Your instructions:
Below are the records; give again exactly the line with "It then reverses", the line with "Snuggle up with", and each line that lies between them, and nothing besides.

Records shown:
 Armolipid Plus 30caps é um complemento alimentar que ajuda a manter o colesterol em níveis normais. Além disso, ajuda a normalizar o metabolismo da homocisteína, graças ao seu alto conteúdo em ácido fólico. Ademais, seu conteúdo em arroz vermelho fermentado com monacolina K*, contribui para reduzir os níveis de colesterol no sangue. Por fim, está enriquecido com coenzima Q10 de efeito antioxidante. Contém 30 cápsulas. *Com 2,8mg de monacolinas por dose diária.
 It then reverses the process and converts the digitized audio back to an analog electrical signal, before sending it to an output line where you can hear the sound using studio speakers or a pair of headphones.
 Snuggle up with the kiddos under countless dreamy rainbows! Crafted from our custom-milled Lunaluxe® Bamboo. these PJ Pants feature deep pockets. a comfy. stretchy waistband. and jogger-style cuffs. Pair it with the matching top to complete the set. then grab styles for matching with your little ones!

* * *

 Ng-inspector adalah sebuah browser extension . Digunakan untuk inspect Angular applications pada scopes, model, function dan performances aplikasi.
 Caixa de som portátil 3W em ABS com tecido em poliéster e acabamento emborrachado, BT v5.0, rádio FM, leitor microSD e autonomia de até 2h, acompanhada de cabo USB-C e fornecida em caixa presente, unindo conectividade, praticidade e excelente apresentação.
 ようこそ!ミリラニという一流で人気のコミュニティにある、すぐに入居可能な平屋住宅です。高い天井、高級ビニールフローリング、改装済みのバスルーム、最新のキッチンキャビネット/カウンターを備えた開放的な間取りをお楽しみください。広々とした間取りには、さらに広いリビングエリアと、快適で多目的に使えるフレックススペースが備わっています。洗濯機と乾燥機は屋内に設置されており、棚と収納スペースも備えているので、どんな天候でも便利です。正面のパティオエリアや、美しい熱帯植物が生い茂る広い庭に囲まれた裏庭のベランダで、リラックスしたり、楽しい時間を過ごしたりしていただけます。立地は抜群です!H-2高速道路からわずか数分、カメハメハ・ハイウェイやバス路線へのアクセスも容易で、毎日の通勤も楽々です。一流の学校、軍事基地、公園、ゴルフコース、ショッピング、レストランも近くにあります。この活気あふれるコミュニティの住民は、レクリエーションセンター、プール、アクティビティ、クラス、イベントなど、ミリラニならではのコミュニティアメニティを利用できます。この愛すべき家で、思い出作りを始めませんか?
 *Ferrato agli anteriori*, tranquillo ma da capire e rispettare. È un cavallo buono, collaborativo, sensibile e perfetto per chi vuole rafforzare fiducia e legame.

==

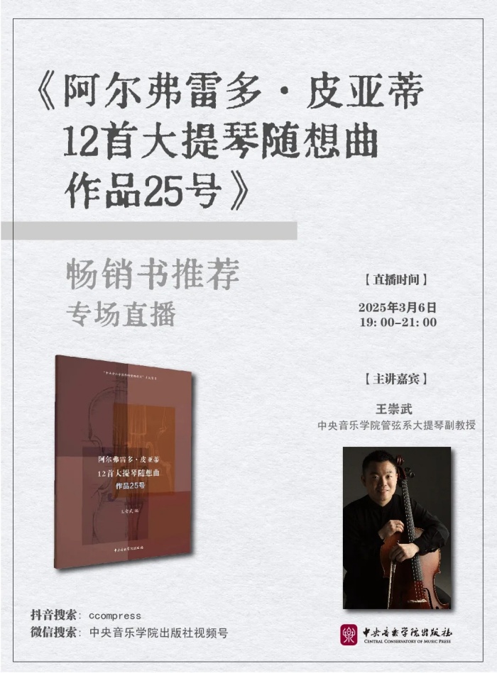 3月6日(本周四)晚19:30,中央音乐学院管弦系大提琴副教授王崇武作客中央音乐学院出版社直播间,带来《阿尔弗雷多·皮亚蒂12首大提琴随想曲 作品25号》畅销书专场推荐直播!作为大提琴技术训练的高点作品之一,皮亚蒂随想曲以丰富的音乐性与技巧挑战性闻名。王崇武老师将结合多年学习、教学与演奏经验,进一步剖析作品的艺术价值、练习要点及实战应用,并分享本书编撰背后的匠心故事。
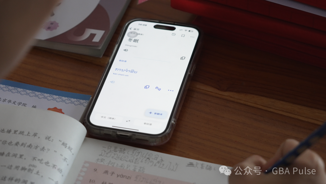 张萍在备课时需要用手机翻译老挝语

Solution:
 It then reverses the process and converts the digitized audio back to an analog electrical signal, before sending it to an output line where you can hear the sound using studio speakers or a pair of headphones.
 Snuggle up with the kiddos under countless dreamy rainbows! Crafted from our custom-milled Lunaluxe® Bamboo. these PJ Pants feature deep pockets. a comfy. stretchy waistband. and jogger-style cuffs. Pair it with the matching top to complete the set. then grab styles for matching with your little ones!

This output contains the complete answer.